True portability.   As stated earlier, typically health insurance for an employee and perhaps their family disappears with the loss of the job.   It is common to hear of people staying with jobs they don’t like, “just to have the health insurance”.   What does the employer gain from that?   What do the employer’s customers gain from that?   Note that the savings account of the HSA is owned by the employee, not the company.   So over time, this pool of money can grow and provide financing for medical expenditures regardless of employment. Furthermore, since the accompanying catastrophic policy would be dramatically cheaper than a “traditional” plan, it would be inherently more affordable during an period of unemployment.

Ideally though, the catastrophic policy would be owned by the employee as well.   This could be achieved by migrating our compensation practices towards taking the money that is earmarked towards an employee’s insurance benefit and paying it directly to the employee instead, with the expectation that the employee would shop on their own for insurance, just the way they shop for any other product.    Remember that employer-provided health insurance came about only as a response to wage controls during World War II, specifically the 1942 Stabilization Act. (Can we talk sometime about unintended consequences?)

Now consumers would be truly liberated to seek the best policies for themselves.   No longer would they be forced to pick from a limited menu of choices provided by their employer’s human resources department.   Combining this aspect with the ability of consumers to seamlessly purchase any insurance product from any insurance provider in the world, and the proven value-creation capabilities of free markets would restored to 16% of our economy.

Pre-existing conditions. Under a long-standing existence of a system of privately owned HSA’s, the current problem of “pre-existing conditions” would be greatly diminished.   From “womb to tomb”, a person should be covered by a catastrophic policy that would provide coverage for high-expense, low-probability events.    These events would be priced into the insurance product, as this is precisely the role of insurance. So to be clear, if suddenly a person receives a diagnosis that results in large ongoing medical bills, but the person already has insurance, the insurance company should fully honor their contract and pay all claims.

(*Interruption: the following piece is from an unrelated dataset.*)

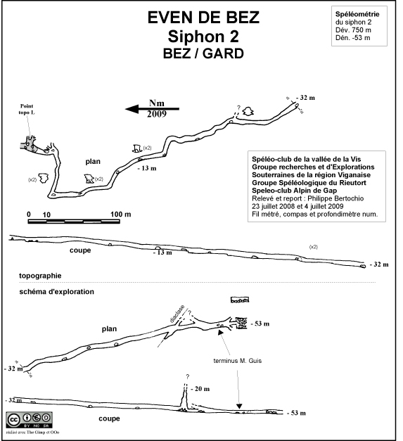 Le Spéléo club de la Vallée de la Vis et le Groupe spéléo du Vigan ont repris depuis quelques années l'étude et l'exploration des réseaux de la vallée de l'Arre. Les premières furent nombreuses et la plus belle a permis d'ouvrir la grotte de Calles, un petit bijou. Mais ces réseaux, attaqués par l'aval, se retrouvent rapidement bloqués par des siphons. Les explorateurs précédents, avares en informations et en topographies, ont contraint nos explorateurs à rechercher d'autres assistances. C'est dans ce contexte que je fus sollicité pour reprendre les plongées du siphon 2 de Bez afin de réaliser la topographie et de confirmer ou pas les théories élaborées sur la genèse du réseau. A ce jour, deux plongées ont pu être réalisées malgré la programmation d'une dizaine de sortie. Mais les conditions climatiques et techniques nous ont contraint d'annuler souvent. Depuis ma première plongée, le 23 juillet 2008, il aura fallu attendre un an avant de retrouver des conditions acceptables. Le 4 juillet 2009, je suis à nouveau à Bez, avec cette joyeuse équipe de spéléos acharnés. Qui dit siphon 2, dit siphon 1. L'essentiel de l'équipe n'étant pas plongeur et le matériel à transporter étant conséquent, l'équipe a opté pour le pompage du siphon. Démarrée la veille, la pompe permet de désamorcer en une vingtaine d'heures. Ensuite, le dernier plan d'eau est traversé en utilisant un câble inox où nous constatons qu'il ne reste que quelques torons. Même si la galerie semble horizontale sur la topographie, le portage jusqu'au siphon 2, environ 1 km, est particulièrement sportif. Jamais étroit mais toujours en diaclase plus ou moins large avec d'incessantes descentes et remontées. Il faut compter 2 à 3 heures de portage selon le niveau des équipiers. En revanche, l'arrivée au S2 est grandiose. La galerie prend l'allure d'un beau tunnel où serpente un petit actif sur un sol très travaillé par la corrosion : marmites, canyons, banquettes... et enfin la vasque du S2. Une pause est bien nécessaire avant de se mettre à reconstituer le matériel conditionné pour le portage. Afin de limiter le nombre de charges, 8 au total, j'ai opté pour une configuration un peu bâtarde que je regretterai.

By strong contrast, to force a service provider to provide new coverage for a condition that will guarantee that the service provider pay more than they receive in return violates every aspect of free trade ever recorded.  It should be no surprise that the “free market” hesitates in providing such a product!    This is not a “failure” of the market.  It is a consequence of a lack of financial planning and responsibility on the part of the consumer.   Harsh words perhaps, but this is not a foreign concept to responsible market participants.   Who seeks collision insurance for their car only upon wrecking it, or fire insurance only upon watching their house burn down?    With such insurance in place before the catastrophic event, the concept of “pre-existing condition” disappears entirely and is rightfully replaced with peace of mind.

Would the increased “threat” of suffering the financial consequences of expensive medical conditions resulting from largely voluntary behavior, like smoking, eating and drinking too much, or not exercising be an incentive to taking better care of ourselves?    Should it be?

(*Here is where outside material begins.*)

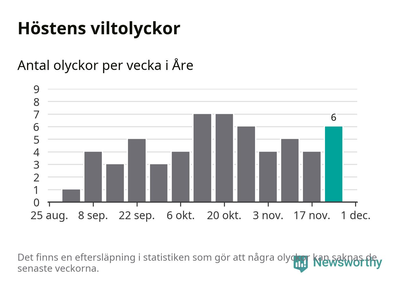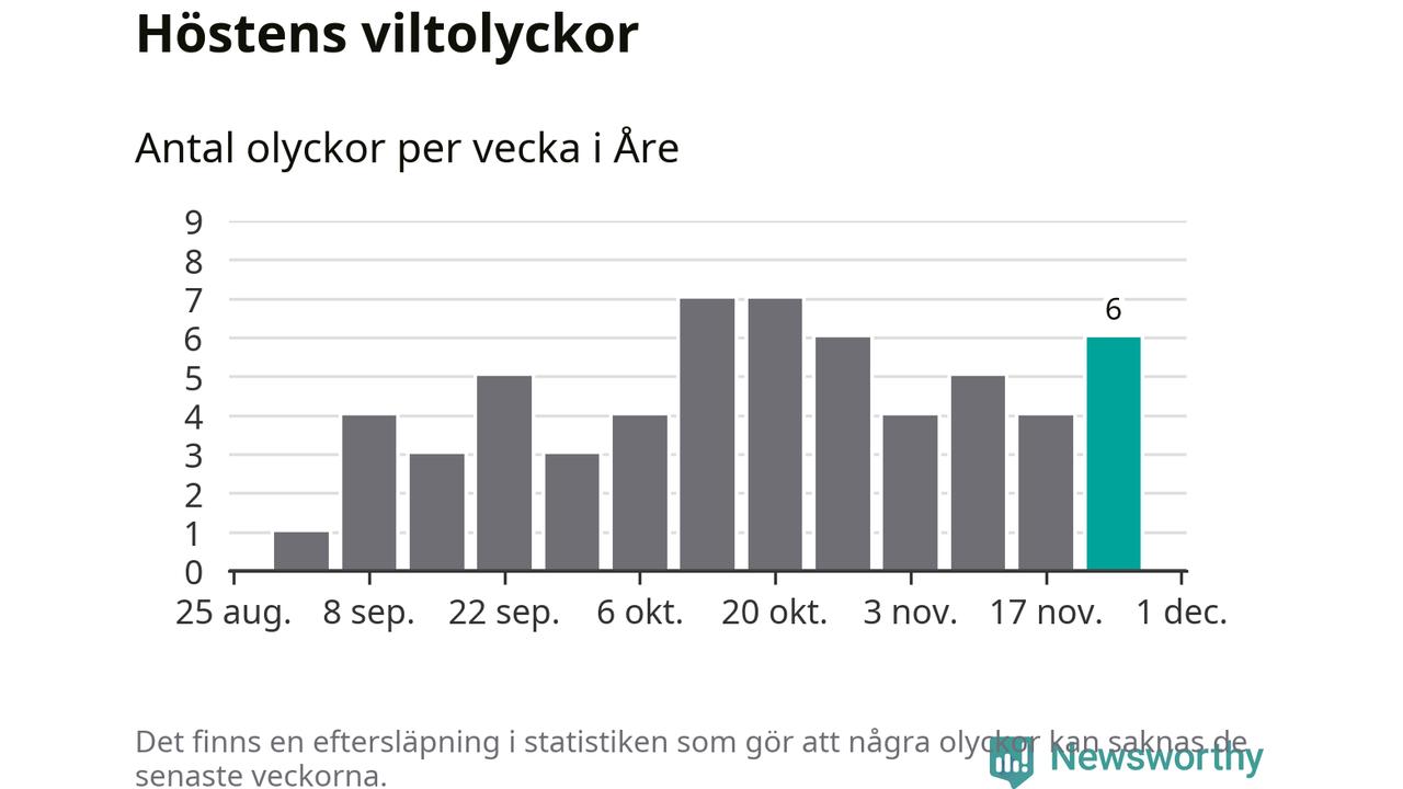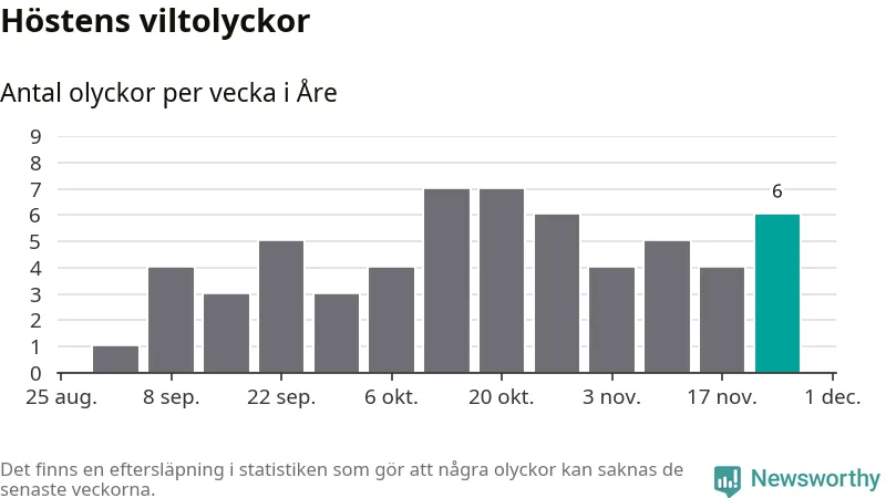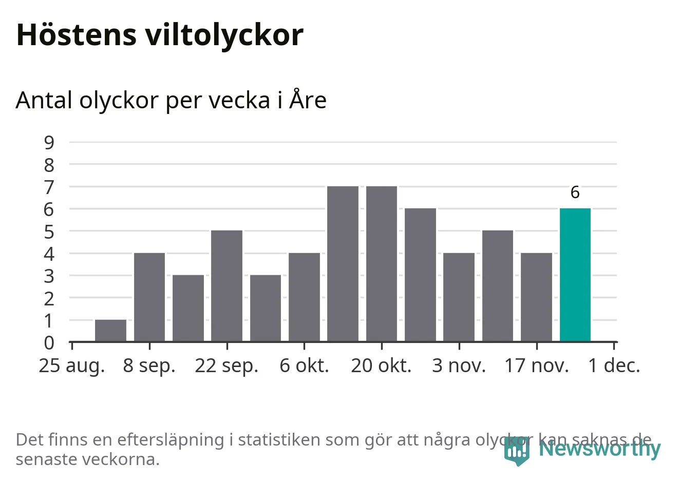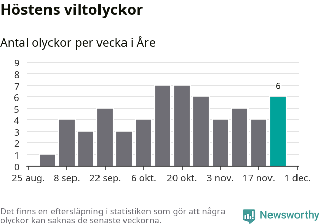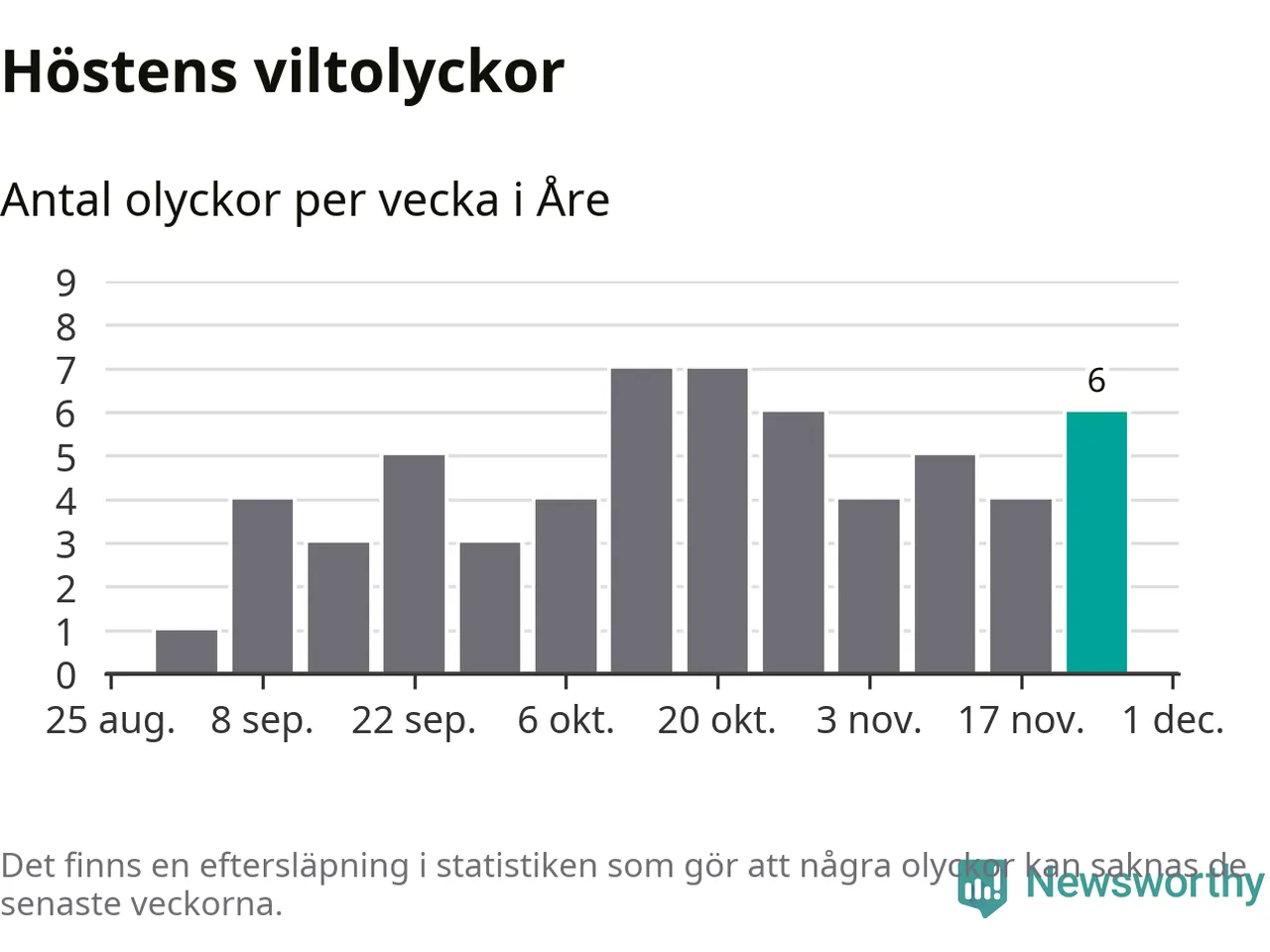 Hittills har sex viltolyckor rapporterats in i Åre kommun från vecka 48. Se listan här.

To whatever extent we’re asking an insurance provider to suddenly provide financing for a medical calamity that was not previously insured against, we’re entering the realm of charity.    The only way the math works, the only way the insurance company does not go bankrupt, thus jeopardizing everyone’s coverage, is to charge all customers more, all the time, to be able to suddenly provide the coverage to the large new claimant.  There is clearly room for emotional and passionate debate here, and for that reason, it is exactly the realm in which the government should not be involved.

Innovation in insurance products. With insurance returned to its proper role, there would be incentives for insurance companies to lower the costs of their catastrophic coverage if the policy holder could prove on a regular basis that they are doing their part to reduce risk.    This would be a natural response to the Darwinian-sounding dynamic described above and would properly reward risk-reducing behavior.   It is exactly the kind of thing that issuers of auto and fire insurance do already.

Tax benefits. Current legislation allows for tax-free growth of the funds in the HSA account, which adds additional appeal to consumers, but probably adds to legislators’ lack of enthusiasm.  It makes for a great excuse to dismiss HSA’s as a tax-avoidance scheme, gift to the rich, or some other anti-big-government slur.   We shouldn’t confuse the two issues.   With reduced government spending in general, taxes can come down naturally.   Tax policy and health care policy need not have much to do with each other, mainly because the government need not have much to do with health care.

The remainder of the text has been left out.